At this point, I’m out of time on this thread.

hjh

:slight_smile:
A few search engine queries later:
I was thinking the values were z coordinates, but they’re weights instead. The centroid is where the turning moment is equal to all the other moments in the mass. So it’s sum(xhat * w) = sum(x * w) → xhat=sum(x * w)/sum(w).

The other (possibly better?) version of this calculation would find local maxima (with sub-cell interpolation) for the cells based on weight. Imagining the 2-d version of this, you might have:

a = [0.0, 0.1, 0.3, 0.01, 0.0, 0.2, 0.7, 0.9, 0.4, 0.1, 0.0]

If you do some interpolation / curve fitting, you’ve got a peak between index=6 and 7, which could be your best choice for locating a primary touch. In particular, this way of calculating would throw away (or track separately) the other less prominent peak at ~2. If you’re JUST doing the weighted averaging we’re talking about, then the extra touch at 2 will actually pull the overall centroid left, which may be desired or may be annoying, depending on your controller and the kind of control you’re going for.
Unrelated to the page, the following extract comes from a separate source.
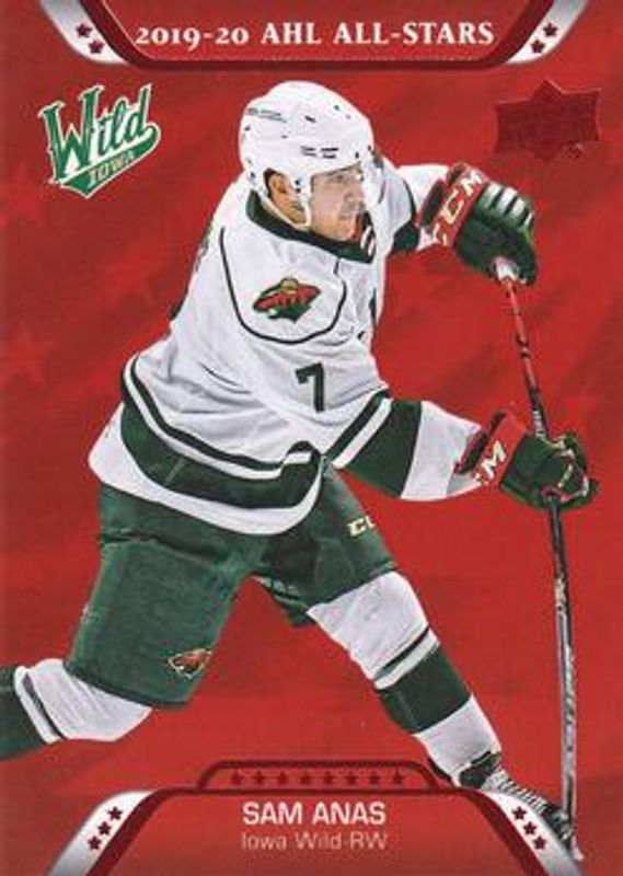 The Sam Anas 2020 Upper Deck AHL #213 Red card is 1 of 4 Sam Anas' card variations in the 2020 Upper Deck AHL set being tracked by Sports Card Investor, including Base, Gold /25, and Autographs.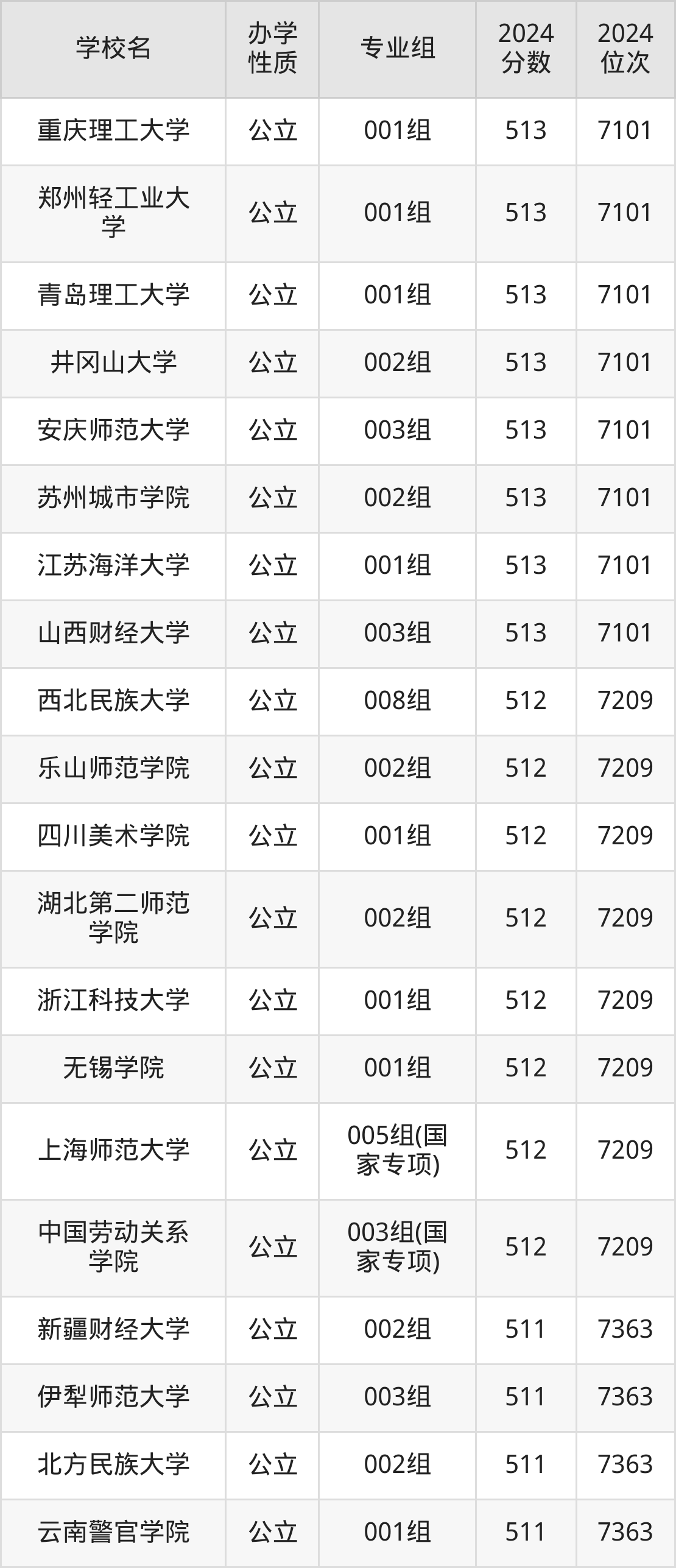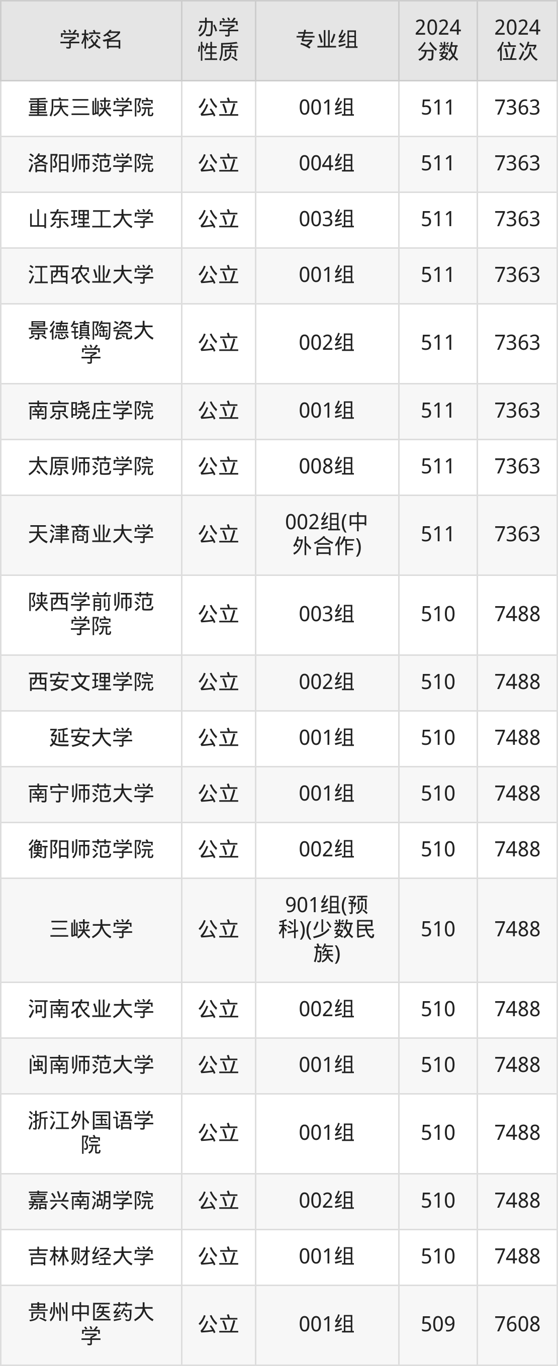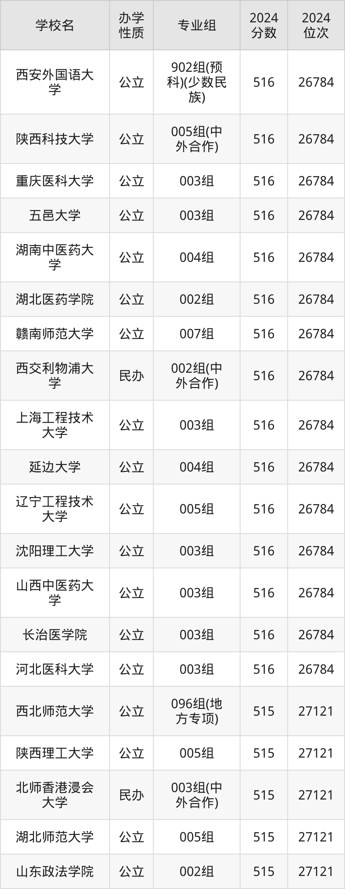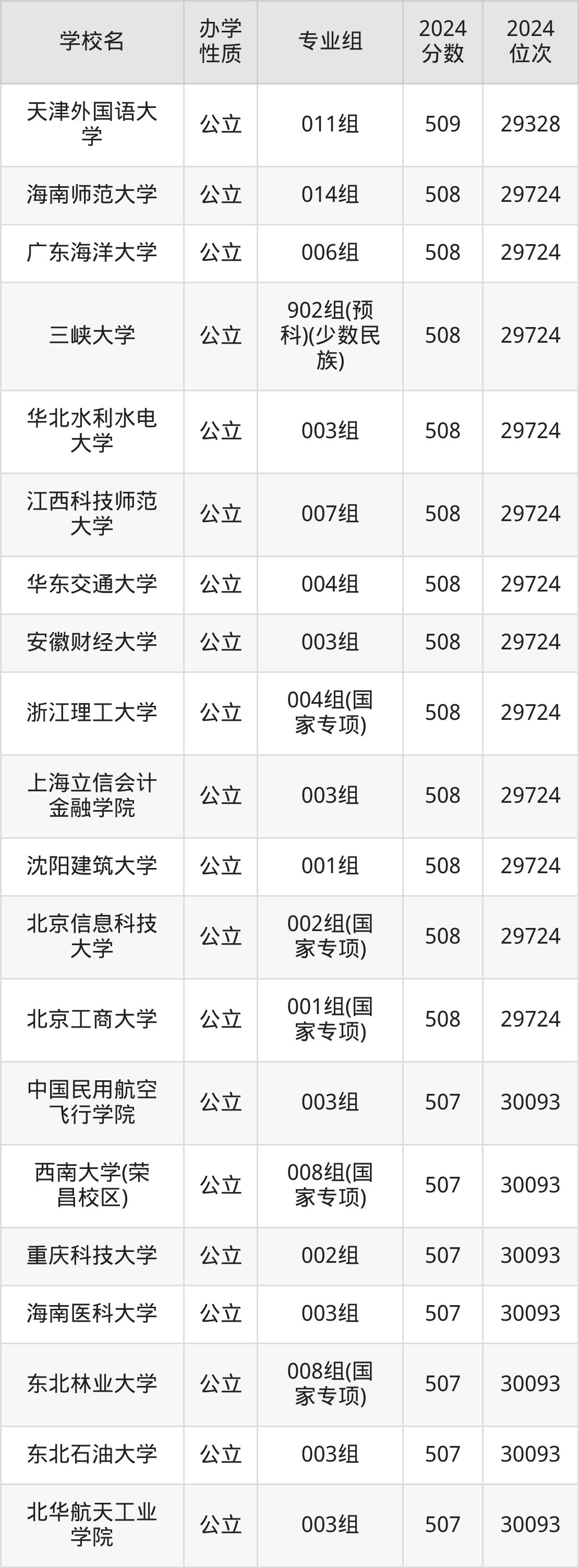 | 学校名 | 专业组 | 2024 分数 | 2024 位次 |

Obviously, the above would need to be calculated in 2d not 1d - I don’t know of anything existing in SC or MathLib that can do this unfortunately.

1 Like

One central tendency in n-dimensional Euclidean space that’s more robust to outliers is the geometric median:

Computing it isn’t trivial, but there are efficient algorithms for it. (I’m not sure if this is actually helpful in interface design, but nerdy math trivia is fun.)